To address Paul and Richard's comments - we do feel that it is likely that aberrant activity of these elements in the context of natural HIV-1 infection does contribute to pathogenesis. However, further insight into their behaviour in that context is necessary before proposing any mechanisms i.e: one very important question is whether or not retrotransposition is strictly limited to HIV-1 infected cells. If so, this naturally sets limitations on any potential contribution to pathogenesis (but adds weight to the argument that these antigens can be used as surrogate markers of HIV-1 infected cells).
The inverse question which I find interesting, if a bit more abstract, is whether the retrotransposition of these elements could play a defensive role in retroviral infection i.e: the HIV-1 sequence containing the LINE-1 insertion that I pointed out in my talk, has essentially been inactivated by the LINE-1 element (as Vif, Vpr, Tat, and Rev are all deleted). Could newly inserted retroviruses potentially serve as hotspots for integration of endogenous elements - leading to distruption of the invasive virus?
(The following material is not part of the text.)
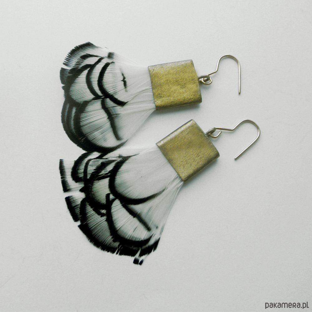 PIÓRKO - stylowy dodatek. Połączenie lekkości piórka i trwałości metalu. Metal niezwykle kontrastuje z naturalnym barwionym puchem. Kolczyki wykonane są z mosiądzu, naturalnie barwione pióra. Mosiądz - zmatowiony. Bigle otwarte - srebro pr.925, pozłacane. Długość z biglami -7,5 cm. Szerokość - 3,5 cm.

Posted by: Brad Jones | March 05, 2007 at 09:18 PM
Thanks for the information & clarification Brad, very interesting work!
Posted by: Richard Jefferys | March 07, 2007 at 03:39 PM
Great comments! Endogenous retroviruses have been characterized in many species, feline, chicken, mouse, long before HIV. While they are generally not replication competent it is possible for them to act as loci of recombination with other retorviruses. In addition, replication incompetent viruses often become replication comeptent when there is co-infection with a replication competent retroviruses, e.g., tumor causing retorviruses such as Rous sarcoma virus. Usually this occurs between closely related retroviruses with the same or similar RNA sequences that facilitate incorporation into a virion. Are human endogenous retroviruses related to lentiviruses (HIV) or are they more typical of tumor viruses (alpha, beta, gamma, or spumiviruses)?